Two-field framework unifies grokking, emergent capabilities, and prebiotic chemistry phase transitions
A new arXiv preprint proposes that deep learning phase transitions and non-equilibrium chemical selection share a common mathematical structure governed by entropy production and information quasi-potential, introducing two testable order parameters with falsifiable predictions.
A preprint posted to arXiv this week argues that abrupt learning transitions—grokking, emergent capabilities, sudden alignment shifts—and phase changes in prebiotic chemical networks are two sides of the same coin. The paper, "Phase Transitions in Driven Informational Systems," frames both as stochastic processes driven by two gradient fields: an entropy production rate Σ and an information quasi-potential Φ_I = -ln p, where p is the stationary probability density. The authors introduce two order parameters, an adversarial breakdown threshold α† and a self-referential coupling threshold κ_c, whose joint scaling defines a candidate universality class with exponents (γ₁, γ₂).

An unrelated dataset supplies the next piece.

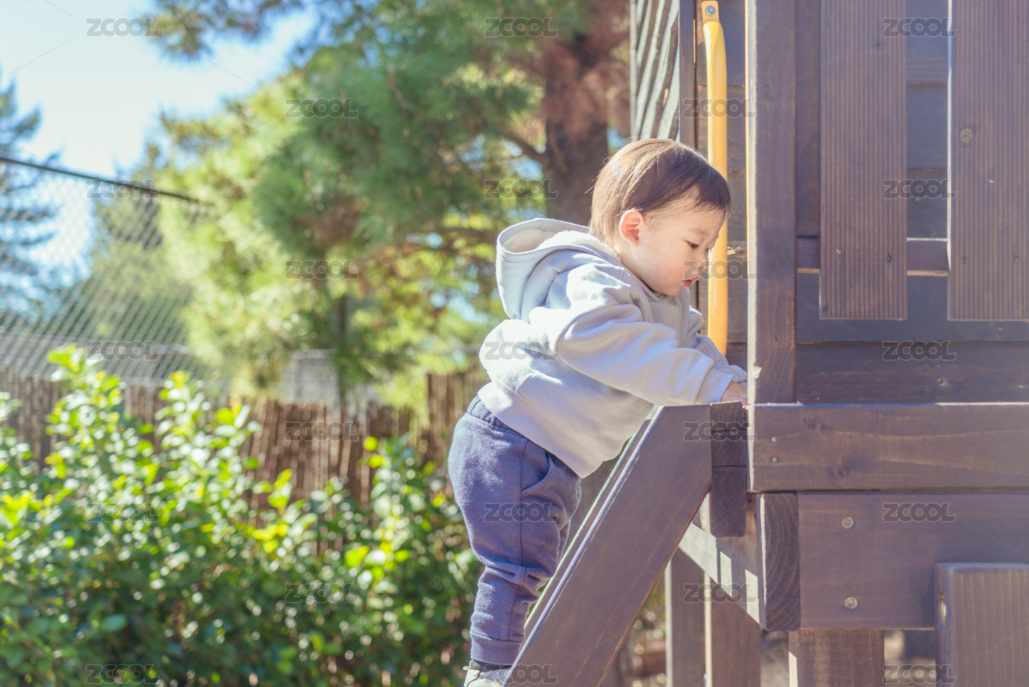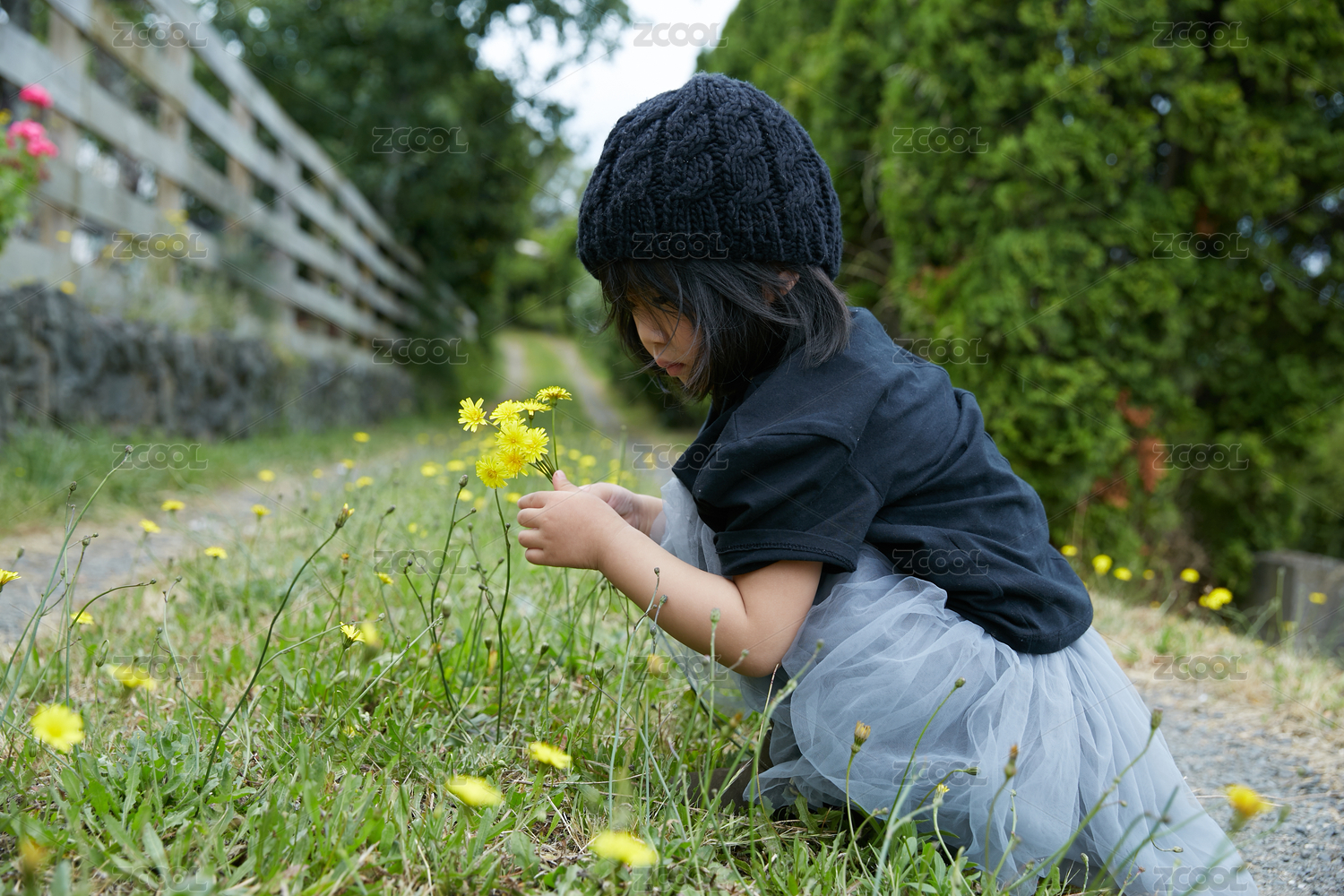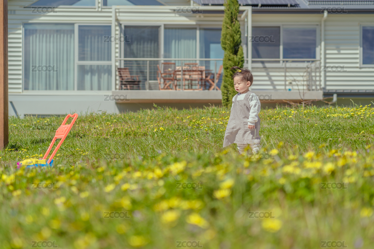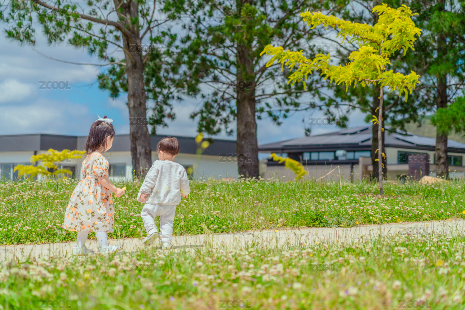妈妈陪伴草帽小男孩观赏亭子处花草
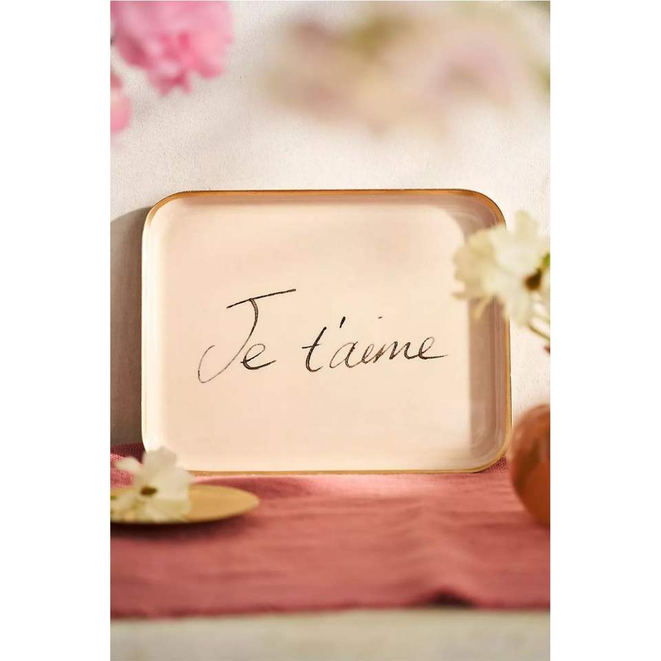 Bandeja Rectangular Metálica Hecha a Mano con Estampado de Hojas Tropicales y Borde Dorado, Decoración de Lujo para el Hogar, Plato para Mesa de Centro

The framework is explicitly designed to produce falsifiable predictions that single-field gradient accounts—those relying on loss alone or on representational compression metrics—cannot match. The paper claims consistency with 2024–2026 empirical findings on alignment transitions, adversarial breakdown scaling, and partial introspection in large language models, though it does not name specific models or datasets in the abstract. The two-field structure is borrowed from non-equilibrium statistical physics, where driven chemical reaction networks exhibit phase transitions that resist explanation by equilibrium thermodynamics or single-gradient dynamics.

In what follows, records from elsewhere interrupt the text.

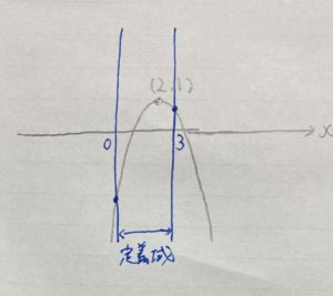 頂点の$x$座標は2です。そして今回の定義域の左端は0、右端は3。
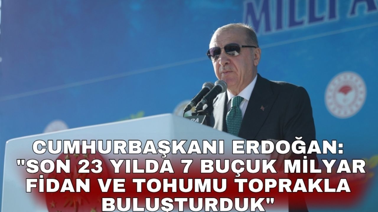 Cumhurbaşkanı Erdoğan ağaçların doğa için önemine önemine değinerek, "Her zaman söylüyorum; biz "Yarın kıyametin kopacağını bilseniz bile elinizdeki fidanı dikin" buyuran bir inancın mensuplarıyız. Çevre kirliliği ve iklim değişikliğinin hepimizin hayatını doğrudan etkilediği bir süreçte tabiatın korunmasına daha fazla önem vermemiz gerekiyor. Biz ormanlarımızı sadece ağaç olarak değil, nefes olarak, yaşam kaynağı olarak görüyoruz. Bu nedenle 2053 net sıfır emisyon hedefimiz ve Yeşil Kalkınma Devrimi vizyonumuz doğrultusunda gerekli adımları atıyoruz. Son 23 yılda 7 buçuk milyar fidan ve tohumu toprakla buluşturduk" değerlendirmesini yaptı.
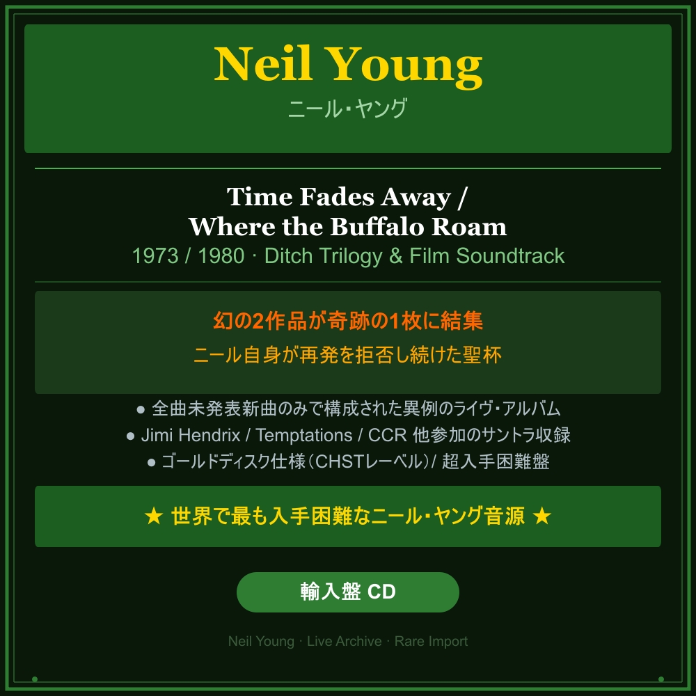Product name: ●Neil Young / ニール・ヤング● Time Fades Away / Where the Buffalo Roam 1973 / 1980 輸入盤CD
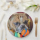 Estos platos de papel muestran un lindo romano le Boston Terrier esperando para jugar al balón.
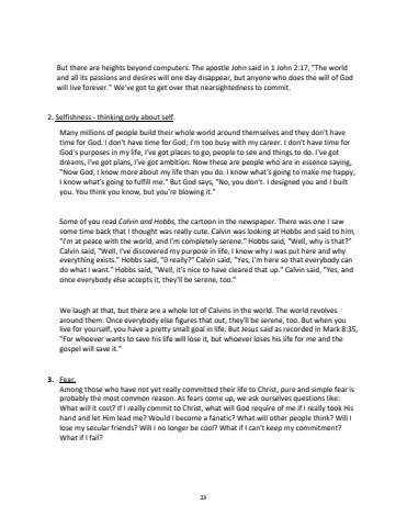 23But there are heights beyond computers. The apostle John said in 1 John 2:17, \and all its passions and desires will one day disappear, but anyone who does the will of God will live forever.\2. Selfishness -thinking only about self.Many millions of people build their whole world around themselves and they don't have time for God. I don't have time for God; I'm too busy with my career. I don't have time for God's purposes in my life, I've got places to go, people to see and things to do. I've got dreams, I've got plans, I've got ambition. Now these are people who are in essence saying, \ God, I know more about my life than you do. I know what's going to make me happy, I know what's going to fulfill me.\you. You think you know, but you're blowing it.\Some of you read Calvin and Hobbs,the cartoon in the newspaper. There was one I saw some time back that I thought was really cute. Calvin was looking at Hobbs and said to him, \ at peace with the world, and I'm completely serene.\Calvin said, \everything exists.\do what I want.\once everybody else accepts it, they'll be serene, too.\We laugh at that, but there are a whole lot of Calvins in the world. The world revolves around them. Once everybody else figures that out, they'll be serene, too. But when you live for yourself, you have a pretty small goal in life. But Jesus said as recorded in Mark 8:35, \ whoever wants to save his life will lose it, but whoever loses his life for me and the gospel will save it.\3.Fear.Among those who have not yet really committed their life to Christ, pure and simple fear is probably the most common reason. As fears come up, we ask ourselves questions like: What will it cost? If I really commit to Christ, what will God require of me if I really took His hand and let Him lead me? Would I become afanatic? What will other people think? Will I lose my secular friends? Will I no longer be cool? What if I can't keep my commitment? What if I fail?

The preprint outlines the geometric structure of the framework but stops short of closed-form solutions for the exponents or explicit recipes for measuring α† and κ_c in a trained network. It positions itself as a unifying lens rather than a finished theory, offering a candidate universality class that would, if validated, place deep learning phase transitions and prebiotic selection in the same mathematical family. The authors note that existing singular learning theory and information-theoretic progress measures are compatible with the two-field view but do not by themselves predict the joint scaling behavior.
What happens next depends on whether the order parameters can be extracted from real training runs and whether the predicted exponents hold across architectures. The paper does not yet provide code, benchmark tables, or a worked example on a public model, so the immediate test is whether other groups can operationalize α† and κ_c on GPT-scale checkpoints or on smaller grokking setups. If the joint scaling law survives contact with data, the framework could reshape how we think about sudden capability jumps and adversarial fragility; if it doesn't, it remains an elegant analogy between two fields that may not share deep structure after all.